Token generation (decode): The model writes its response, one token at a time. This is the “thinking and typing” phase. Each new token depends on everything that came before, so it can only produce one at a time.
The generation speed (23 tok/s) is what you see as the response streams in. The prompt evaluation (20 tok/s) happens silently before any text appears. It’s the “thinking pause” before the model starts responding.
The KV Cache: Bookmarks for the Model
When the model reads your input during prompt evaluation, it computes something called the KV cache (Key-Value cache). Think of these as bookmarks. They capture what the model “understood” about each part of the text, so it doesn’t have to re-read everything for every single token it generates.
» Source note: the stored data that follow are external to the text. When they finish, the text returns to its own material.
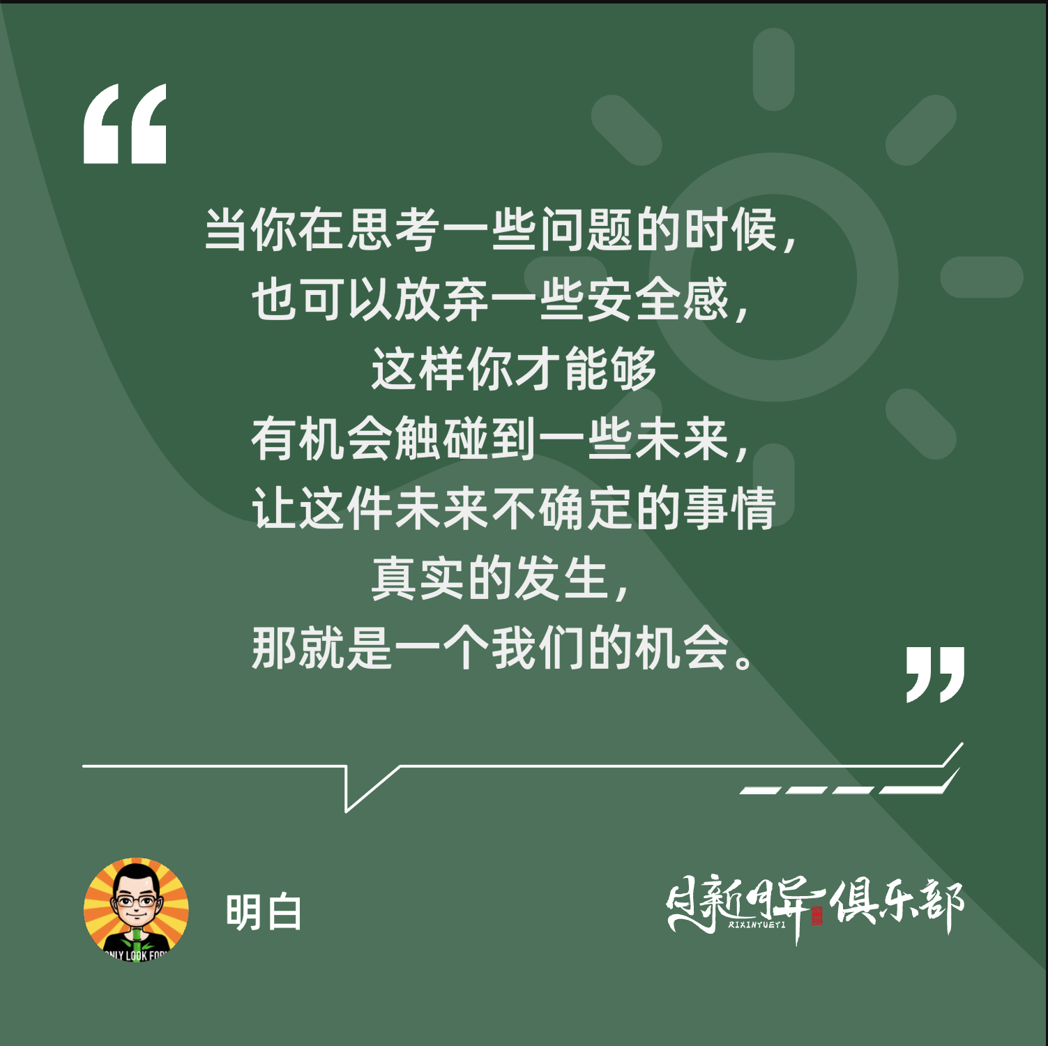 所以当你在思考一些问题的时候,也可以放弃一些安全感,这样你才能够有机会触碰到一些未来,让这件未来不确定的事情真实的发生,那就是一个我们的机会。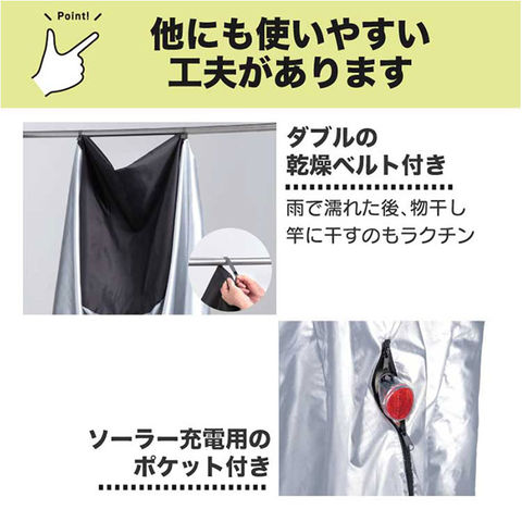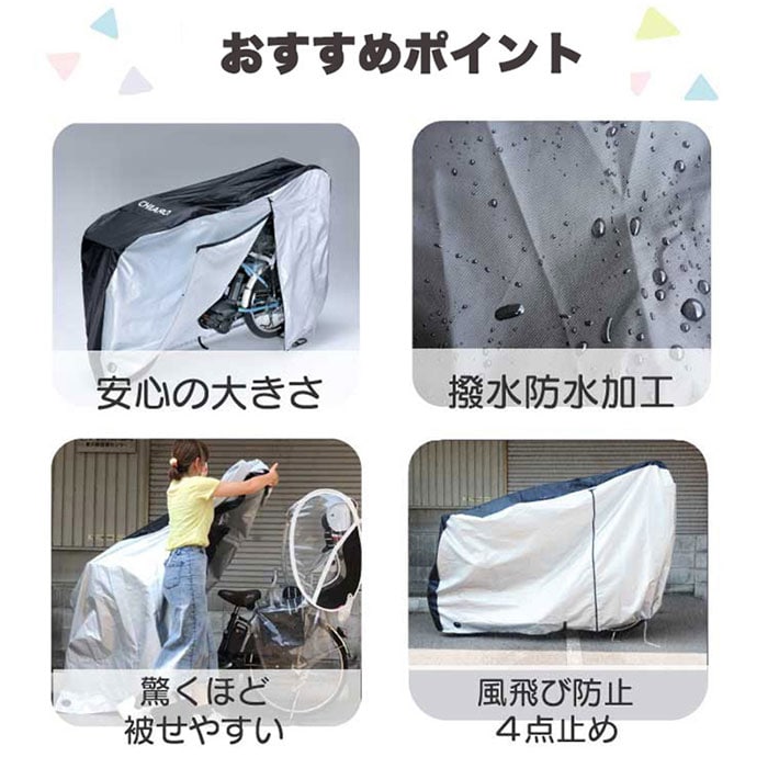 | 商品説明 | 【アシスト車3人乗り対応】電動自転車を雨風からしっかり守る大型サイクルカバー。【ゆったり大型設計】前後の子供乗せシートもすっぽり覆える大型設計で、電動自転車を丸ごと保護できる安心感◎【防水撥水のW加工】上部は防水&撥水、下部も撥水加工を施した生地で雨の日も自転車をしっかりガード〇【風に負けない構造】風飛び防止機能付きだから、強風の日でもカバーがめくれる心配なく駐輪場でも快適♪【丈夫な厚手素材】長く使える耐久性のある厚手生地で、大切な自転車を長期間しっかり守れる頼もしさ。 |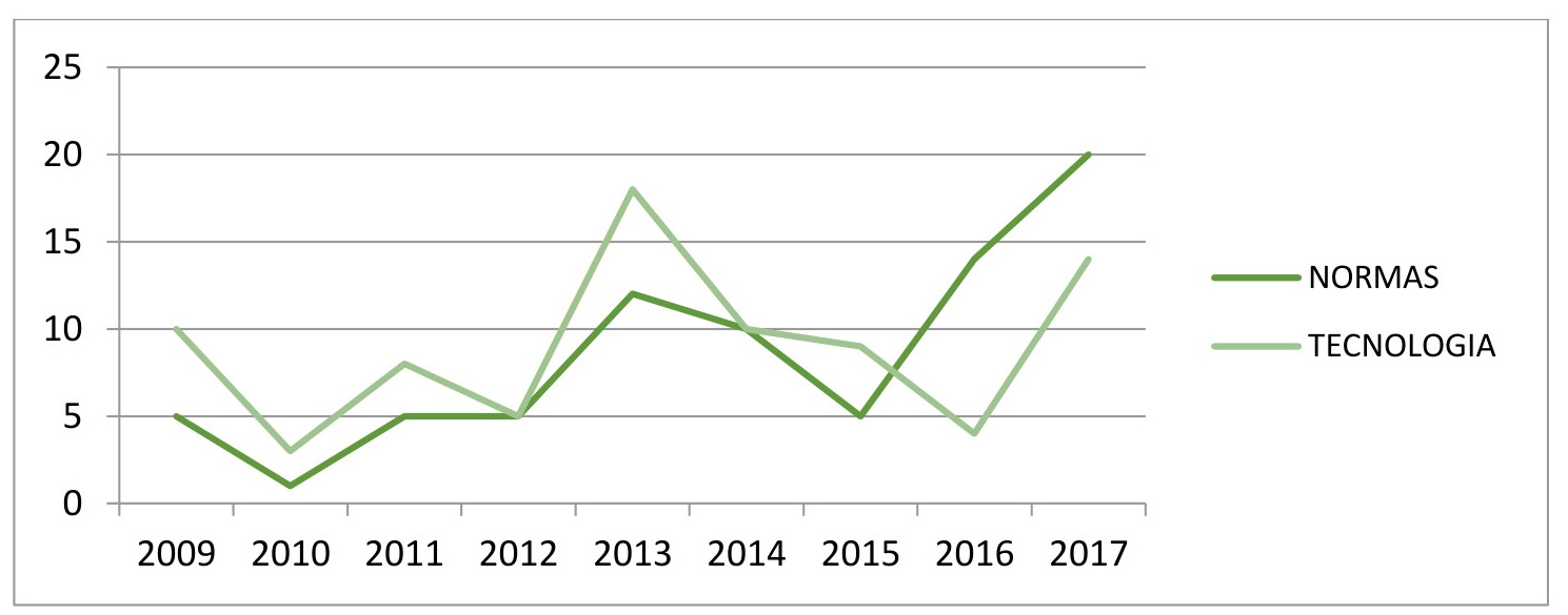Gráfico 26. Comportamiento histórico de las categorías: “normas” y “tecnología”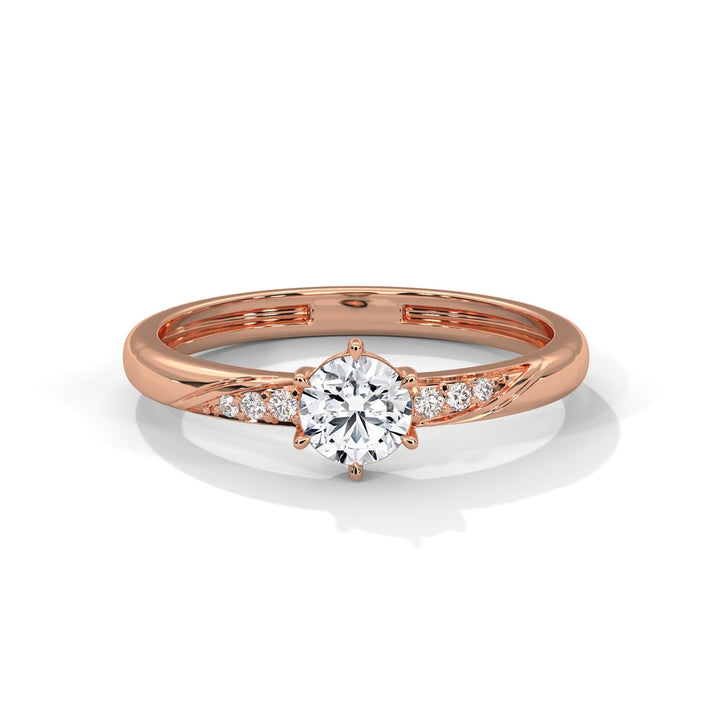 This stunning engagement ring features a brilliant round-cut center diamond, beautifully flanked by shimmering side stones that enhance its radiance. The graceful taper of the band draws the eye toward the centerpiece, creating a timeless and sophisticated look that never goes out of style.
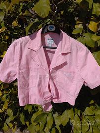 Camicia Moschino a quadretti bianchi e rosa. Taglia 40.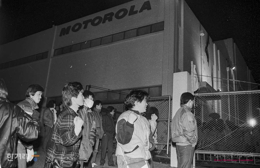 - 1988년 12월 30일 10일째 밤샘농성을 벌이다 30일 새벽 비노조원들에 의해 해산된 모토로라 코리아 노조원 1백 50여명은 몸에 신나를 뿌린 채 민주노조 인정을 요규하며 전산실에서 농성하고 있는 도충환 노조위원장과 면담을 요구하며 회사앞에서 농성을 계속하고 있다.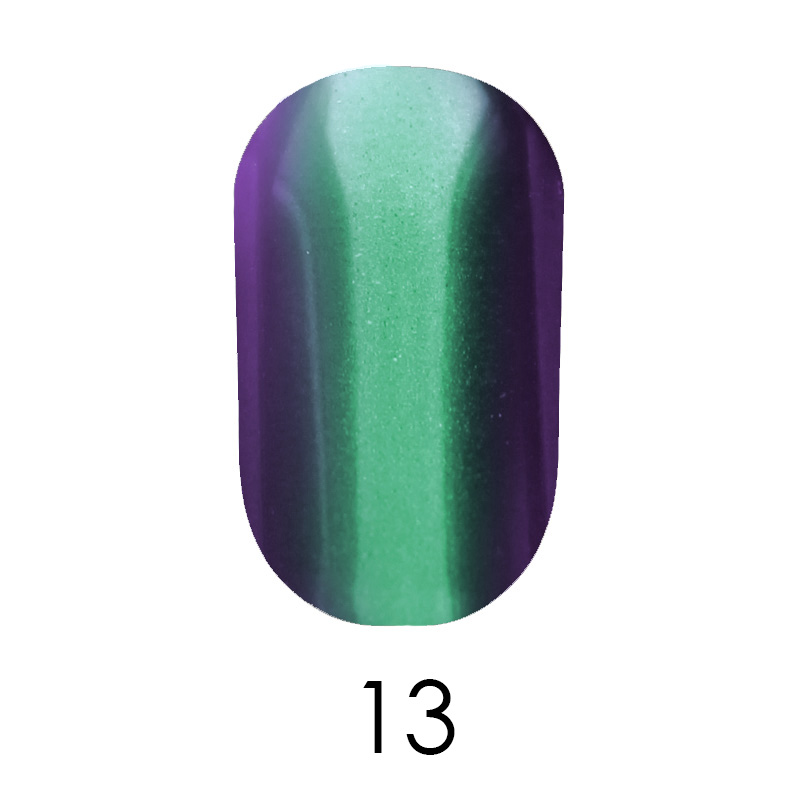Дзеркальна пудра для декору створює цікавий хамелеон-перелив на нігтях. За рахунок своєї дрібної текстури пудра створює щільну дзеркальну поверхню, завдяки кольору підкладки можна змінювати остаточний колір дизайну. Підходить для втирання в "гарячий" та холодний топ.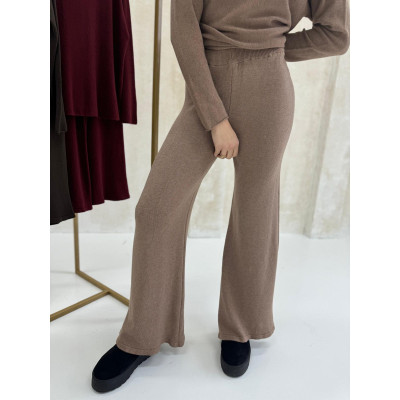 Dzianinowy komplet LAURA składa się z miękkiego, ciepłego golfu oraz spodni z szerokimi nogawkami, które łączą w sobie wygodę i elegancję. Delikatny, prążkowany materiał idealnie układa się na sylwetce, zapewniając komfort noszenia przez cały dzień.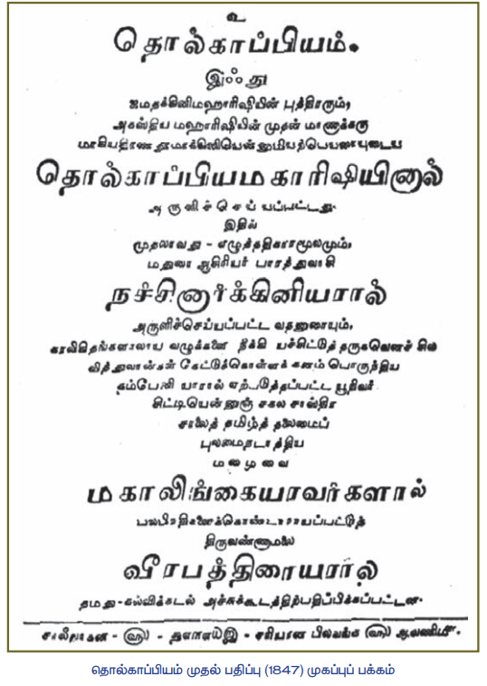 நமக்குக் கிடைக்கும் தமிழ் நூல்களில் காலத்தால் பழமையான இலக்கண நூல் தொல்காப்பியம். இதன் ஆசிரியர் தொல்காப்பியர். தொல்காப்பியம் எழுத்து, சொல், பொருள் என மூன்று அதிகாரங்களைக் கொண்டது. ஒவ்வொரு அதிகாரத்திலும் ஒன்பது இயல்களாக மொத்தம் இருபத்தேழு இயல்கள் உள்ளன. தொல்காப்பியத்திற்குப் பலர் உரை எழுதியுள்ளனர். அவர்களுள் பழமையான உரையாசிரியர்கள் இளம்பூரணர், நச்சினார்க்கினியர், கல்லாடனார், சேனாவரையர், தெய்வச்சிலையார், பேராசிரியர் ஆகியோர் ஆவர். நச்சினார்க்கினியரின் சிறப்புப்பாயிர உரைவிளக்கத்தில் உள்ள பாடல் பாடமாக இடம் பெற்றுள்ளது.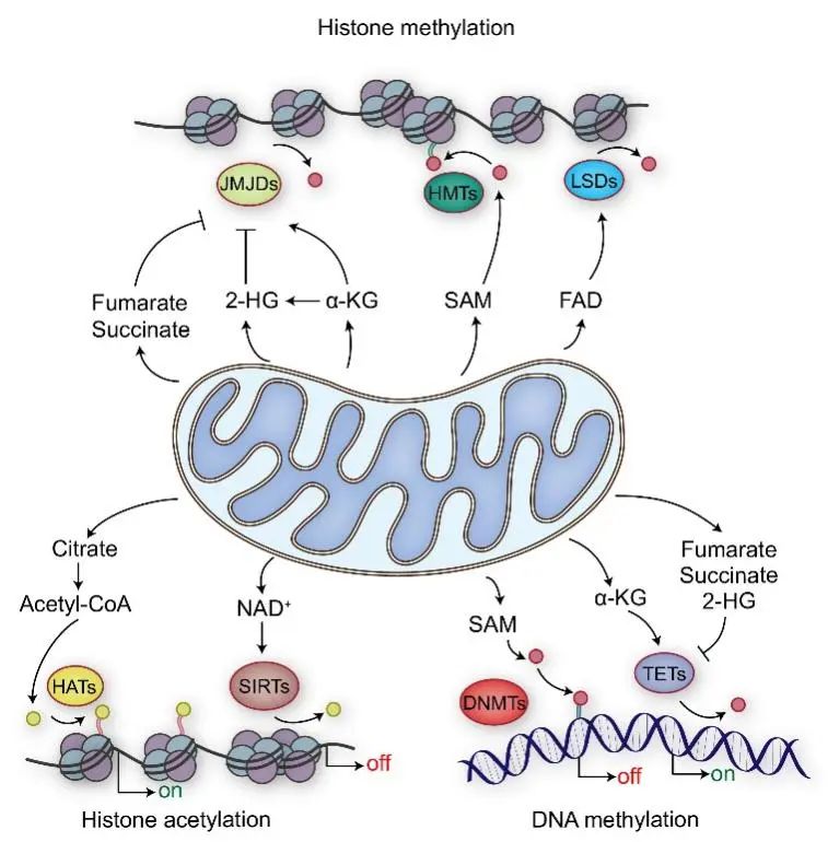 图3 线粒体到细胞核的应激信号调控表观遗传修饰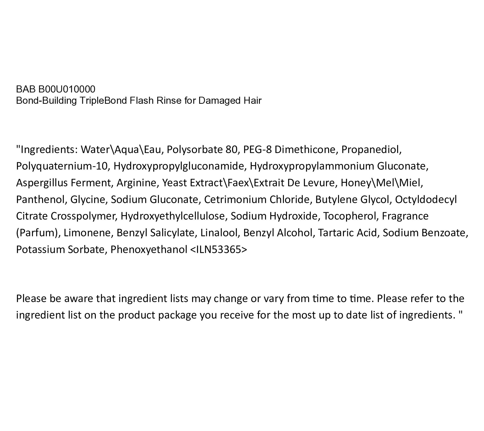Bond-Building TripleBond Flash Hair Rinse is an instant hair treatment that builds the three essential bond types to help fortify strands. It provides lightweight hydration and leaves hair shiny, detangled, and soft. It helps combat dullness and dryness (a.k.a. visible signs of damaged hair). It's powered by Honey Bond-Building TripleBond Complex, which builds three types of bonds (hydrogen, ionic, and covalent) in the cortex to help fortify hair from the inside out. Micellar Conditioning Technology attracts and lifts away impurities while conditioning and adding shine.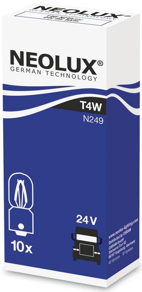 Leuchtmittel Neolux N249 - T4W 24V - 4W Orginal LKW Schlusslicht/Kennzeichen/Park- / Postionslicht- Standard BA9s 10er Faltschachtel (Werkstattausführung)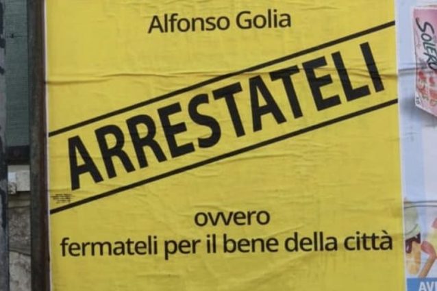 Un manifesto anonimo con il nome del sindaco di Aversa, Alfonso Golia, e dei consiglieri di maggioranza e la scritta “Arrestateli” è comparso questa mattina in diversi punti della città.In calce, anche un chiarimento “ovvero fermateli per il bene della città”. L'episodio ha suscitato subito la reazione indignata del primo cittadino del comune del casertano: “Evidentemente in questa città il lavoro per la legalità dà fastidio – ha scritto il sindaco Alfonso Golia – ma noi non ci fermiamo”.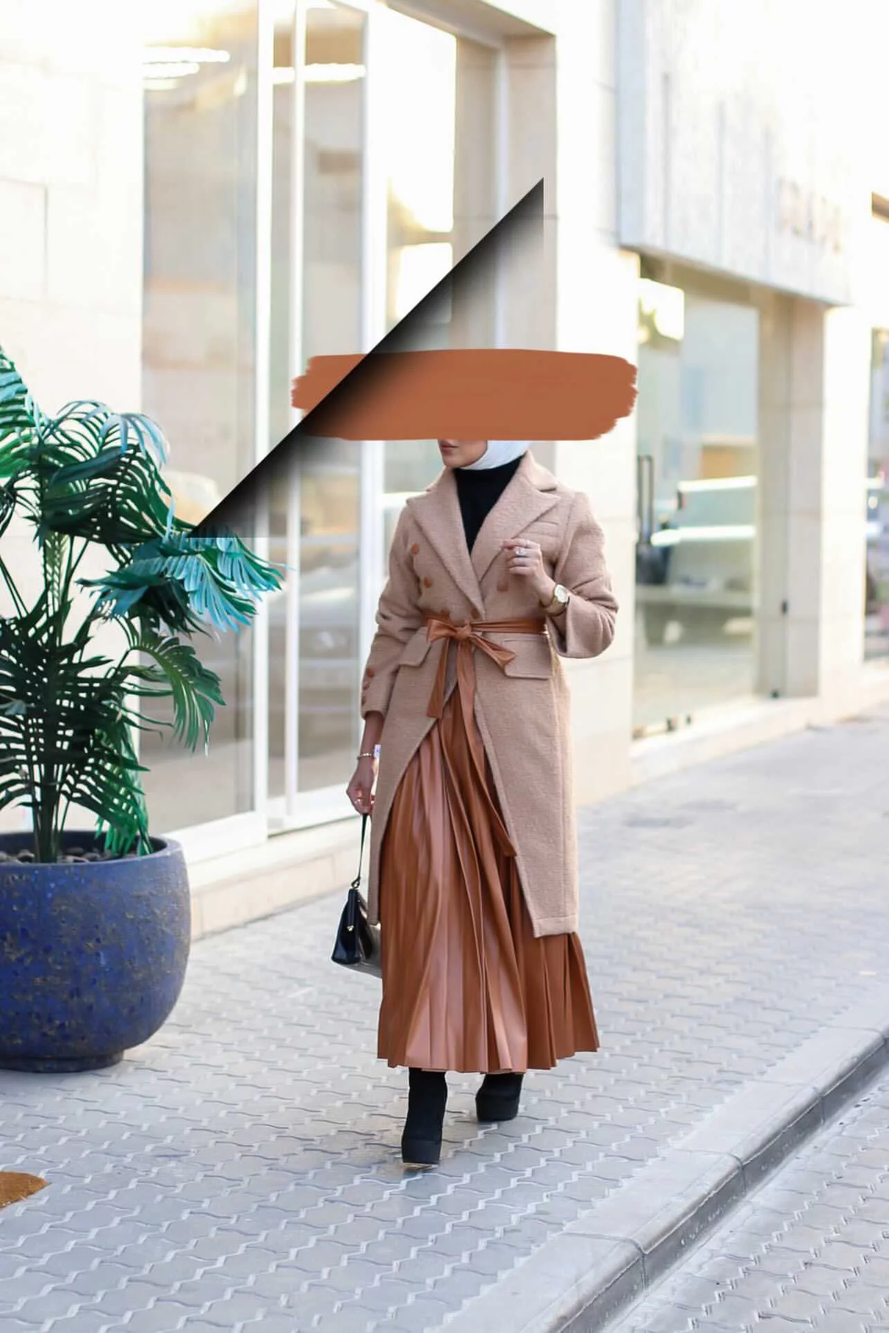 Long trench coat, black-gray color, with a belt, you can choose the length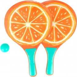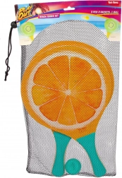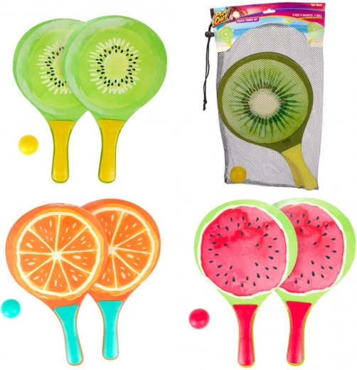 Goditi l’estate al massimo con un elegante set da beach tennis a tema frutta. Include 2 racchette leggere e 1 pallina in un pratico sacchetto a rete per il trasporto. Le stampe colorate di kiwi, anguria e arancia invogliano a giocare in spiaggia, in giardino o al parco. Perfetto per divertimento in famiglia, sviluppo della coordinazione e movimento all’aria aperta.

Without the KV cache, generating a 500-token response would require re-reading the entire input 500 times. With it, the model reads once and then references its bookmarks.
The catch: the KV cache takes memory, and it grows with the length of the conversation. A 16K token context needs significantly less KV cache memory than a 32K token context.
Context Window: The Model’s Reading Capacity
The context window is how much total text the model can consider at once (input and output combined). It’s like the size of the desk the model is working at. Bigger desk means more documents can be open at once, but it also means more memory used.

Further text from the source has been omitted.